The distinction can be critical because public officials are free to block specific individuals from commenting on or even viewing social media posts that are purely private, but courts have ruled that such actions taken on official posts or accounts run afoul of the First Amendment.
In a 15-page opinion, Justice Amy Coney Barrett offered a fairly narrow definition of official posts, seeking to avoid the complications that could arise if millions of government employees found their social media accounts subject to strict limits that don’t apply to most users.
Barrett, the youngest sitting justice, said courts can step in only where an official has authority to speak for the government in the subjects they are posting about and where the official invokes that authority.
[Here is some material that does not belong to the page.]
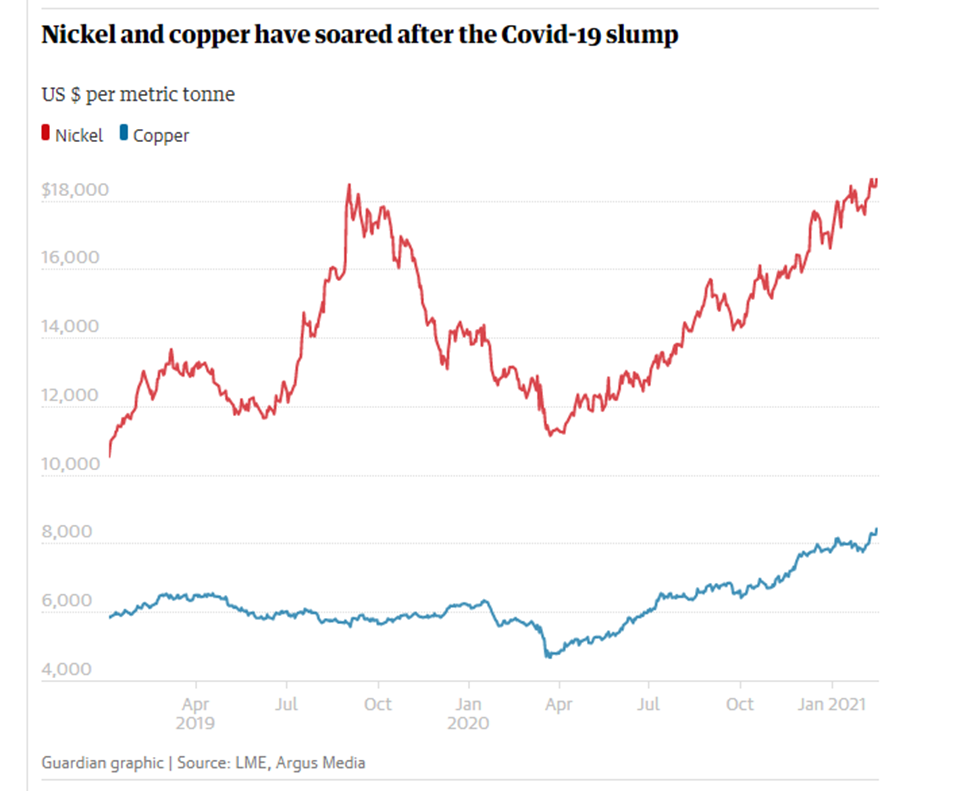 Read more at: https://www.theguardian.com/business/2021/feb/17/mining-boom-commodity-supercycle-copper-nickel-price-investments-clean-energy

Posts on social media pages or accounts that officials explicitly announce are personal are “entitled to a heavy (though not irrebuttable) presumption that all of the posts” there are personal, wrote Barrett, an appointee of President Donald Trump.
However, Barrett also issued a warning. “An official cannot insulate government business from scrutiny by conducting it on a personal page,” she wrote. When officials use a nominally personal account or page to solicit official comments on a regulation or as the sole means of accessing government information, like a livestream of a city council meeting, those posts would be deemed official, she added.
During oral argument on the issue in October, some justices appeared concerned that defining too much speech as official could be highly disruptive. One concern was that any time a public official met constituents, even at the official’s home, other residents could demand access.